While I was at it, I also checked my intuition on whether a single mutant per line was enough, and found that it was overwhelmingly so: in more than 90% of cases, either all mutants were killed in a line or none was. It’s worth keeping in mind that I still applied my arid node suppression heuristics for this experiment. It was great to finally have confirmation of my intuitions.


I also looked into the developer behavior changes after using mutation testing on a project for longer periods of time, and discovered that projects that use mutation testing get more tests over time, as developers get exposed to more and more mutants. Not only do developers write more test cases, but those test cases are more effective in killing mutants: less and less mutants get reported over time. I noticed this from personal experience too: when writing unit tests, I would see where I cut some corners in the tests, and anticipated the mutant. Now I just add the missing test cases, rather than facing a mutant in my Code review, and I rarely see mutants these days, as I’ve learned to anticipate and preempt them.
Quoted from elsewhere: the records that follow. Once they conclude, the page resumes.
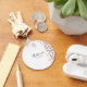 Un porte-clés bouton simple et élégant qui est facile à personnaliser pour de nombreuses célébrations différentes. Ajoutez votre nom dans une police manuscrite noire et la date dans une police moderne ci-dessous. Une touche de confettis roses décore le côté droit.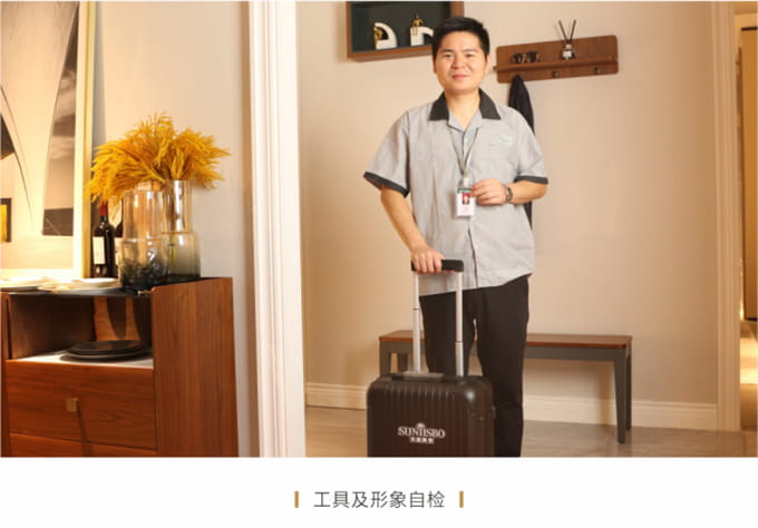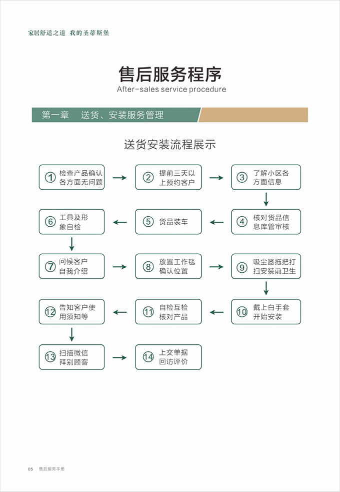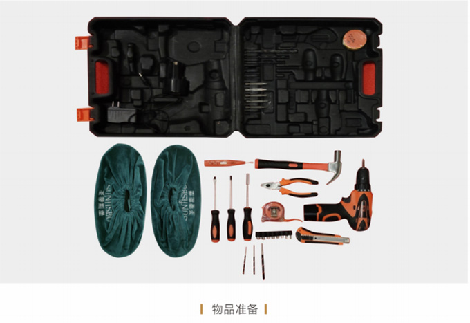 物資準備:上門前必須著圣蒂斯堡統一工作服,佩戴工作證,準備好安裝工具、搬抬工具(搬運背帶等)、備件、筆記本、手套、鞋套、地墊、衛生清掃工具(清潔劑、抹布、掃把簸箕、拖把、吸塵器等)、瓶裝水、《圣蒂斯堡安裝施工指示牌》、收據和圣蒂斯堡產品說明書、《產品配送單》和《配送滿意度調查表》等物品。再帶上小禮品,例:鮮花或碳包去味禮包等。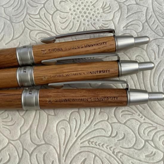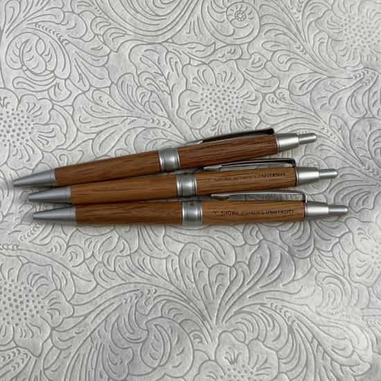 一本一本、全て違うペン軸に大学の校章と校名を英字でレーザー刻印しました。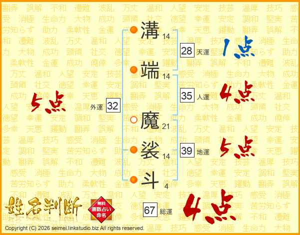 溝端魔裟斗さんの総運は67画の4点!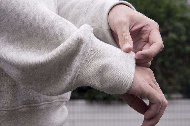 裾、手首のリブの締め付けも強すぎず快適な着心地です。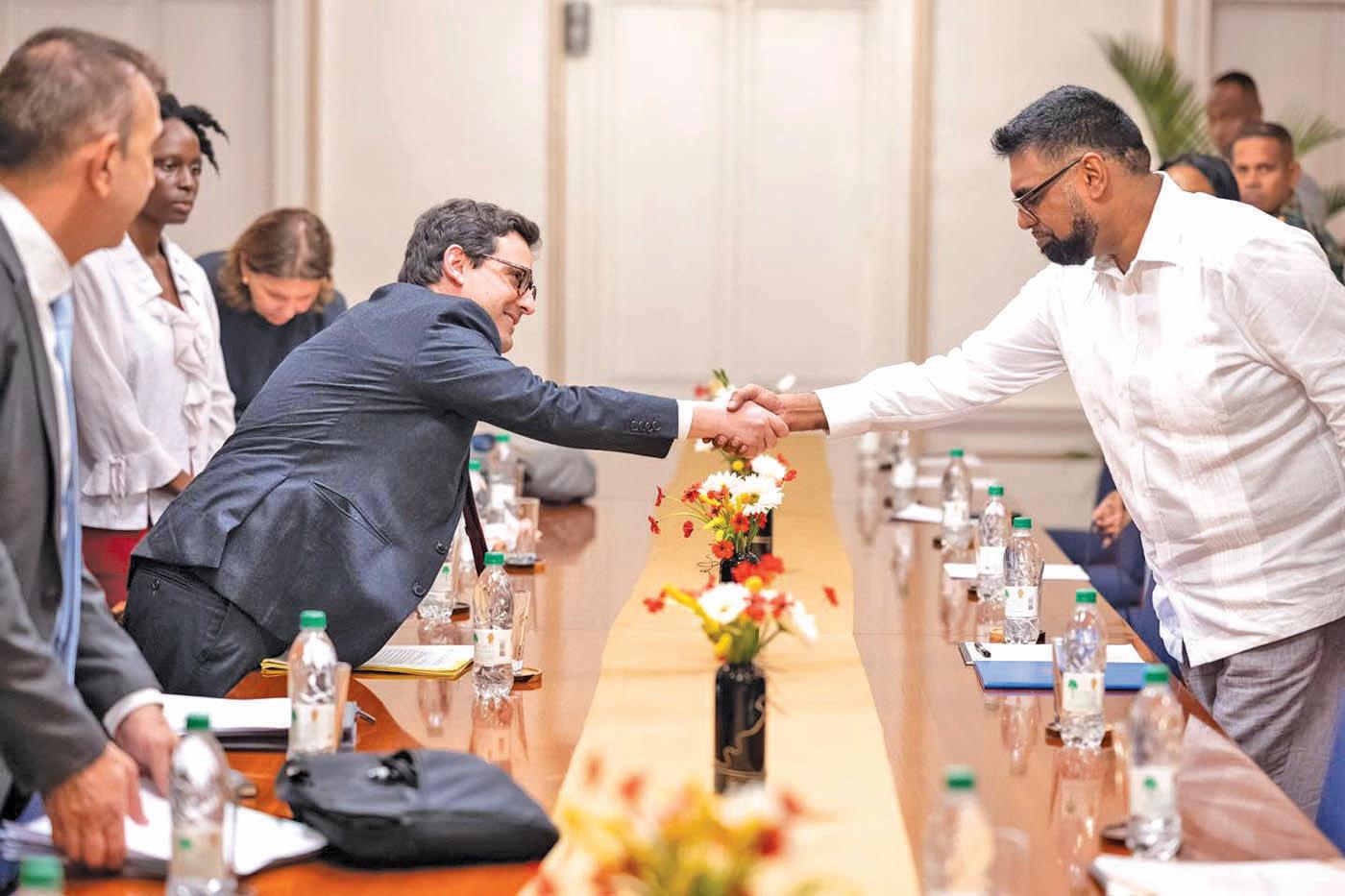 signed a multi-million-dollar deal with Qatar-based Urbacon Concessions Investments, W.L.L (UCI) for the rental of the floating power plant for a period of two years in a move to add much-needed generating capacity to the local grid (GPL photo) Govt examining “innovative ways” to ensure more money in pockets of working class – Pres Ali
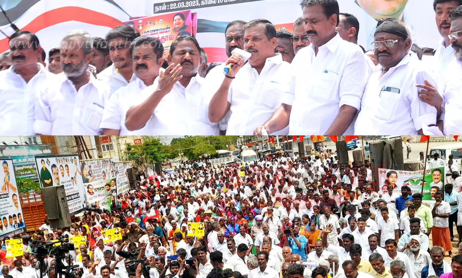 அ.தி.மு.க. சட்ட விதிகளை மாற்றம் செய்ததை கண்டித்தும், பொது செயலாளர் பதவியை பெற முயற்சிப்பதற்கு எதிராகவும், அ.தி.மு.க.வில் இருந்து எடப்பாடி பழனிசாமி வெளியேற வேண்டும் என வலியுறுத்தி மதுரை பழங்காநத்தம் பகுதியில் ஓ.பன்னீர்செல்வத்தின் ஆதரவாளர்கள் ஆர்ப்பாட்டம் நடத்தினர். அதில் மதுரை முன்னாள் எம்.பி. கோபாலகிருஷ்ணன், உசிலம்பட்டி எம்.எல்.ஏ. அய்யப்பன் உள்ளிட்ட நிர்வாகிகள், தொண்டர்கள் என ஆயிரக்கணக்கானோர் கலந்து கொண்டனர். பின்னர் அவர்கள் எடப்பாடி பழனிசாமிக்கு எதிராக கண்டன கோஷம் எழுப்பினர்.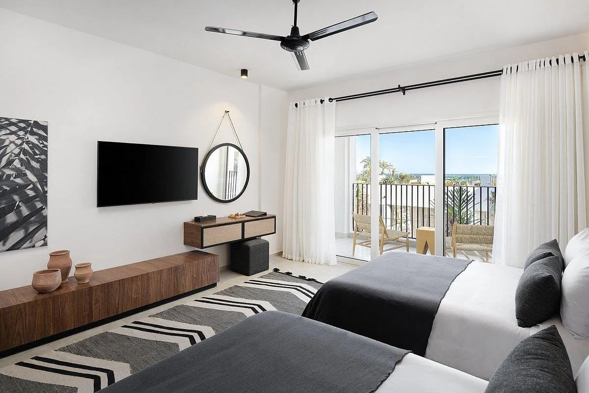 200 м2, люкс с двумя спальнями, одной кроватью king-size, двумя кроватями queen-size, гостиной, мини-кухней, двумя ванными комнатами, балконом, небольшим бассейном, видом на море, услугами дворецкого и доступом в приватный лаундж Suites. Максимальное количество гостей: 6.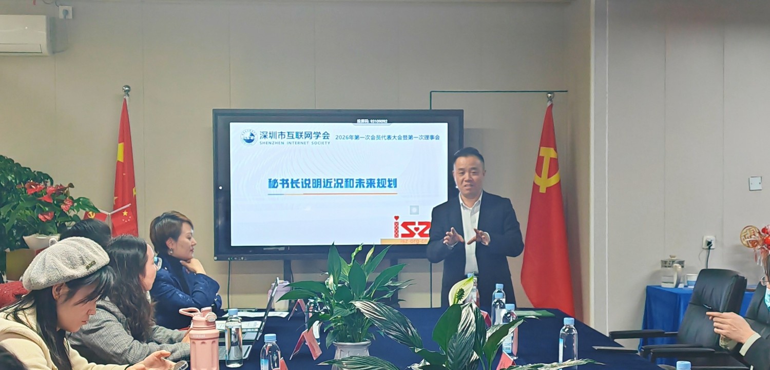 “解锁万物互联密码 开启 AI 智能新篇章”。1 月 10 日下午,深圳市互联网学会 2025年会员代表大会暨2026年第一次理事会在臻湾汇人工智能产业园隆重举行。来自粤港澳大湾区的精尖互联网高科技人才和学会会员代表齐聚一堂 ,共话互联网创新发展、AI 智能新篇章。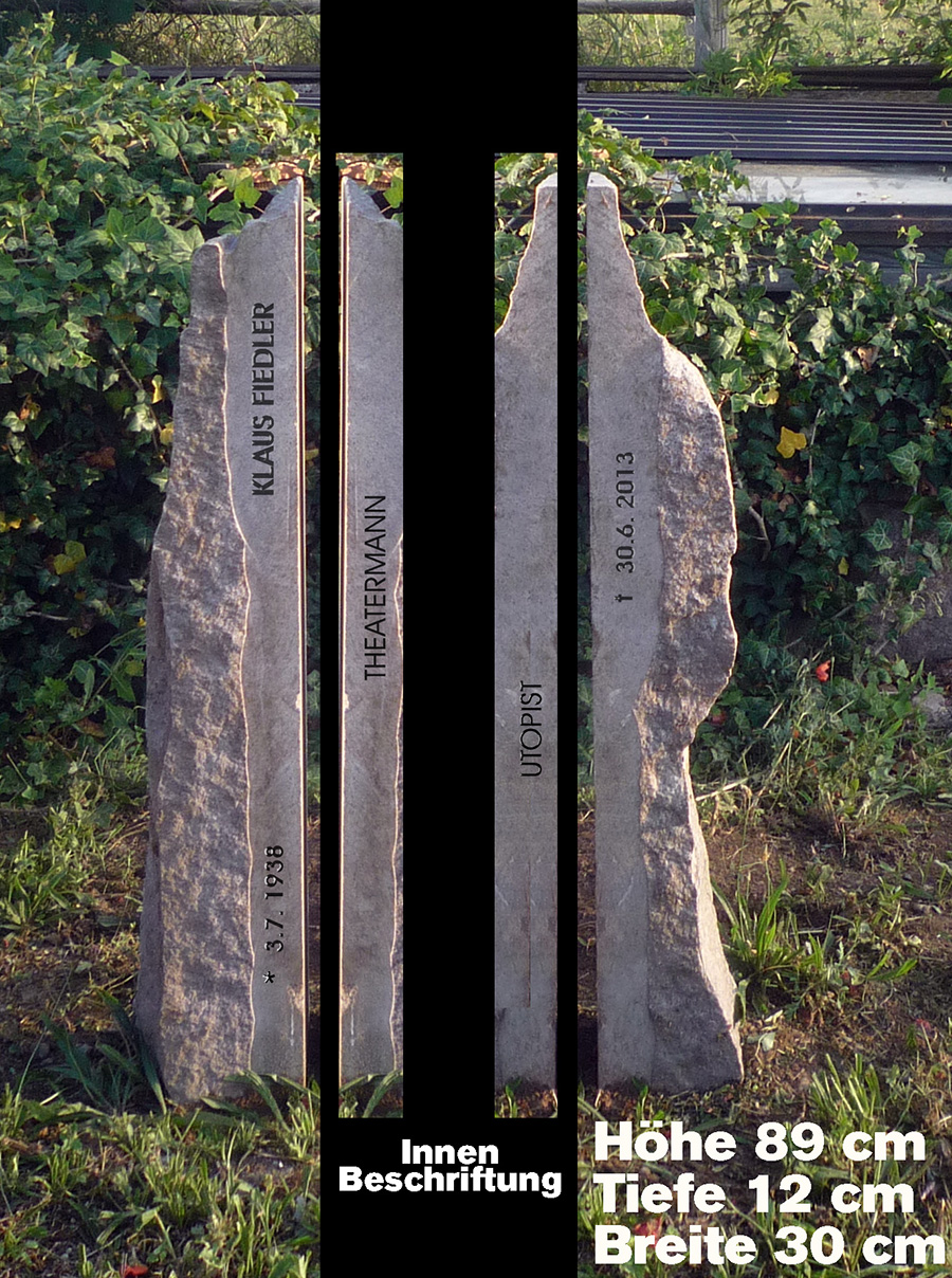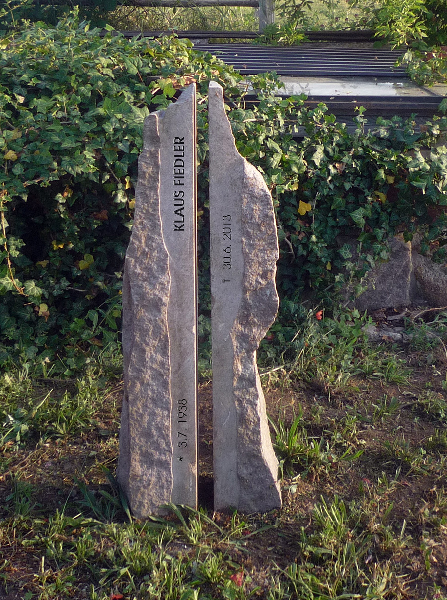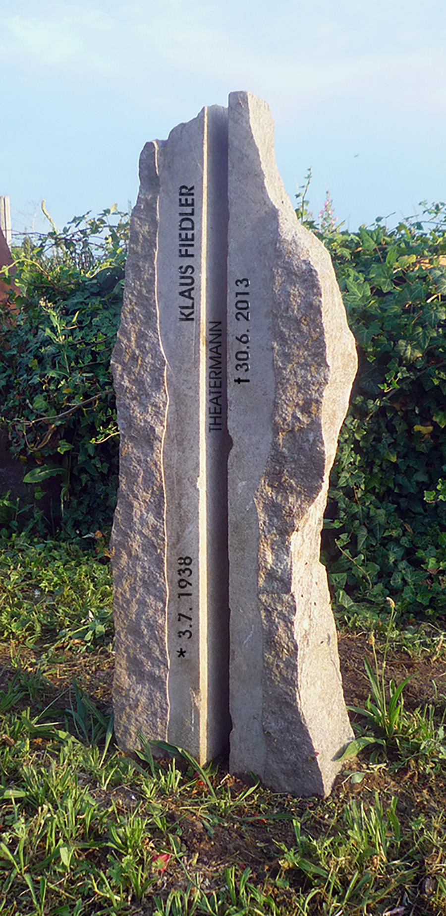 Gestaltung des Grabsteins für den Regisseur, Theatermann und Freund aus bearbeitetem Naturstein mit Inschrift für Klaus Fiedler.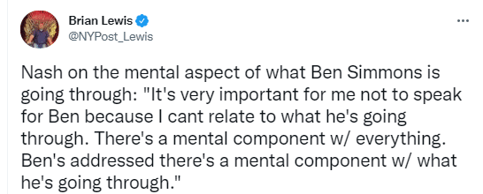 今天纳什又谈到西蒙斯遭遇的心里问题,表示:对我来说,不代表他说话是非常重要的,因为我无法理解他正在经历的事情。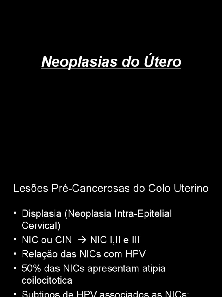 Displasia (Neoplasia Intra-Epitelial Cervical) NIC ou CIN NIC I,II e III Relao das NICs com HPV 50% das NICs apresentam atipia coilocitotica Subtipos de HPV associados as NICs: 16,18,31,33,35 e 45 Comportamento biolgico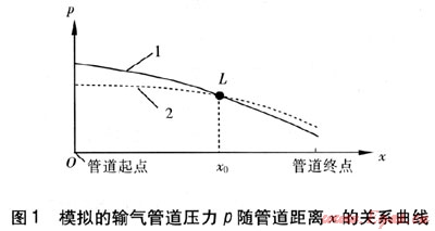 根據(jù)式(1)建立管道模型,利用SCADA系統(tǒng)同一時刻對管道兩端實時采集到的數(shù)據(jù),分別進行兩組管道數(shù)據(jù)的仿真:由起點到終點的模型仿真和由終點到起點的模型仿真。如果管道運行正常,則以上兩組仿真數(shù)據(jù)與實測數(shù)據(jù)偏差較小(允許相對誤差為5%[4])。但當管道發(fā)生泄漏后,仿真數(shù)據(jù)將不能與實測數(shù)據(jù)中的1個或幾個吻合,由此可以判定管道發(fā)生了泄漏。當天然氣在管道泄漏點處有相同的邊界條件時,由流體的連續(xù)性可知,泄漏點處的壓力和溫度也相同。因此當管道泄漏時,根據(jù)管道起點邊界條件繪制的壓力曲線1和根據(jù)終點邊界條件繪制的壓力曲線2將相交于L點,見圖1,此時可判定L點對應的管道位置x0就是泄漏點位置。泄漏量為起點到終點模型仿真在泄漏點處的流量與終點到起點模型仿真在泄漏點處的流量之差。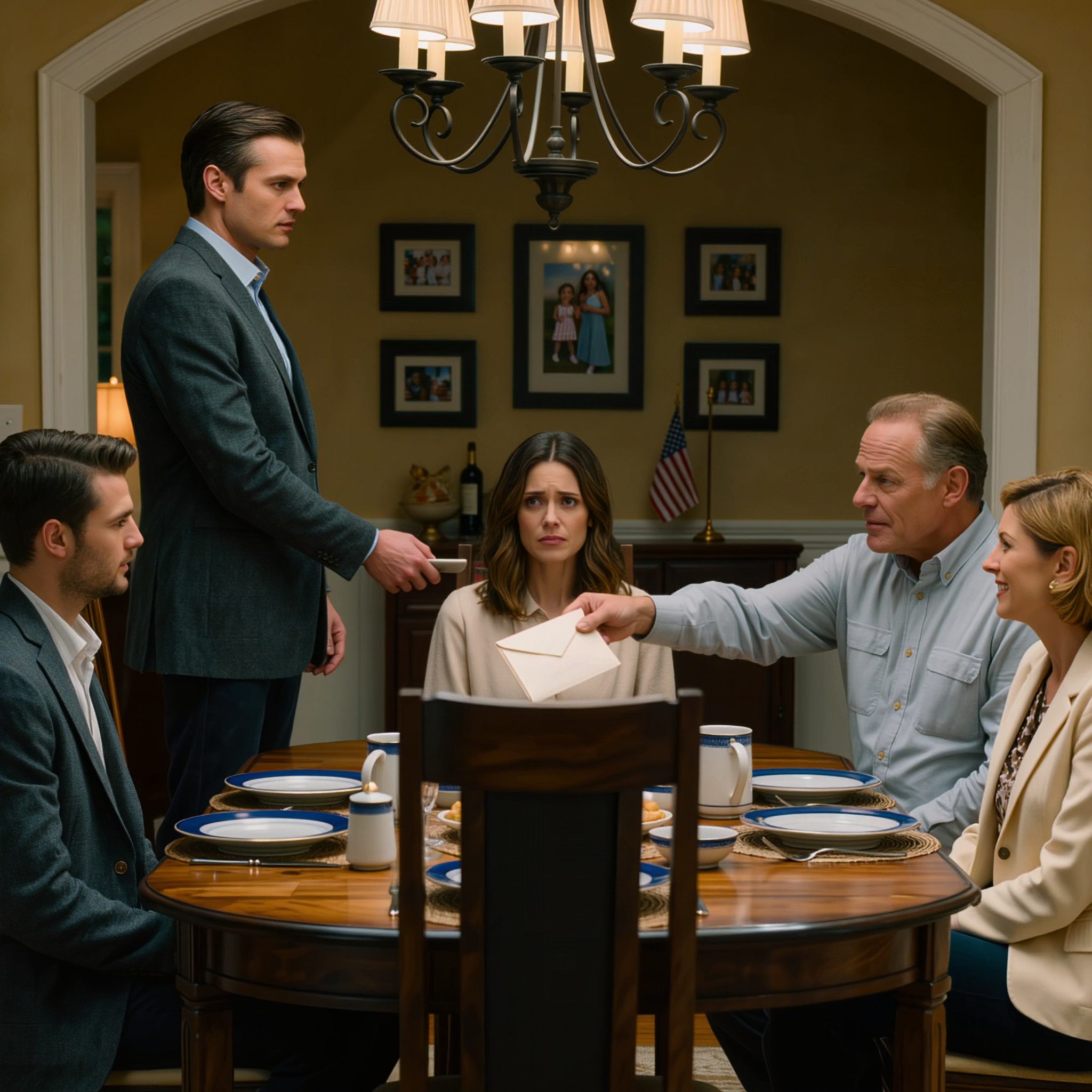 Moeder knikt instemmend terwijl Sarah triomfantelijk straalt. Ik zit als aan de grond genageld. Mijn verloofde, Marcus, zit naast me terwijl 23 jaar lang de verwaarloosde dochter zijn geweest, als een kaartenhuis in elkaar stort. De 10.000 dollar waar ik zes maanden op had gerekend, was weg. Sarah’s zelfvoldane glimlach vertelt me ​​dat dit gepland was. Ik huil niet. Ik kijk alleen maar naar Marcus. De stilte strekt zich uit over onze eettafel uit onze kindertijd. Hetzelfde eikenhouten blad waar ik mijn huiswerk maakte terwijl Sarah hulp kreeg bij haar aanmeldingen voor de universiteit. Vader schraapt zijn keel en leunt achterover in zijn stoel.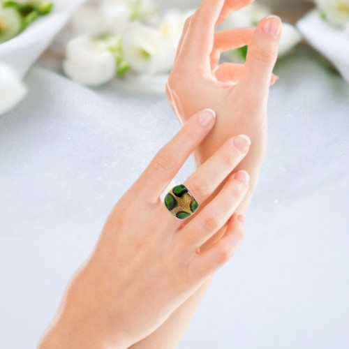 Handmade Glass Acrylic Ring Meadow’s Golden Bloom Infinity Band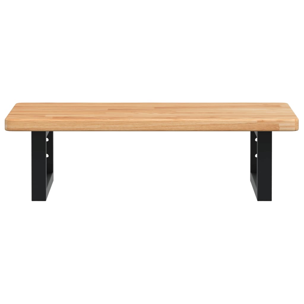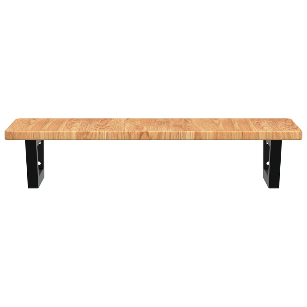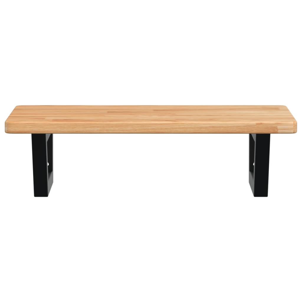 Med sit moderne design i lysebrun egetræ og sort stål tilføjer denne vægmonterede hylde både stil og ekstra opbevaringsplads til ethvert badeværelse. Den lakerede overflade på egetræet sikrer nem rengøring og beskyttelse mod fugt, hvilket er essentielt i badeværelsesmiljøer.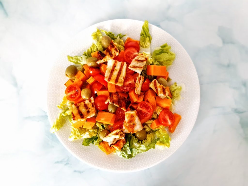 Sałatka z pieczonym serem halloumi i batatem to bardzo sycący i wartościowy posiłek. Z powodzeniem można go potraktować jako obiad i właśnie w takiej wersji zjadłam ją ostatnio. Uwielbiam bataty i ten rodzaj cypryjskiego sera półtwardego z mieszanki mleka owczego, koziego i krowiego. Od samego początku wiedziałam, że to połączenie

You can read more about the findings in our ICSE paper.


Conclusion



It’s been a long road since that hackathon in the winter of 2013. Mutation testing was a lot of fun to work on. It had its challenges, and I had days where I thought that I would throw everything down the drain (I’m looking at you, clang), but I am glad I stuck with it.



The most interesting part of the project was getting Mutation testing to scale to such a large code base, and that required redefining the problem and adapting it to the existing ecosystem that engineers were already used to. Another interesting angle was working, and learning from, the academic community, in particular Gordon Fraser (University of Passau) and René Just (University of Washington).



I would like to encourage everyone to give one of the many open source mutation testing tools a try on their projects. With some tweaks here and there, it can be a great way to keep your software well tested.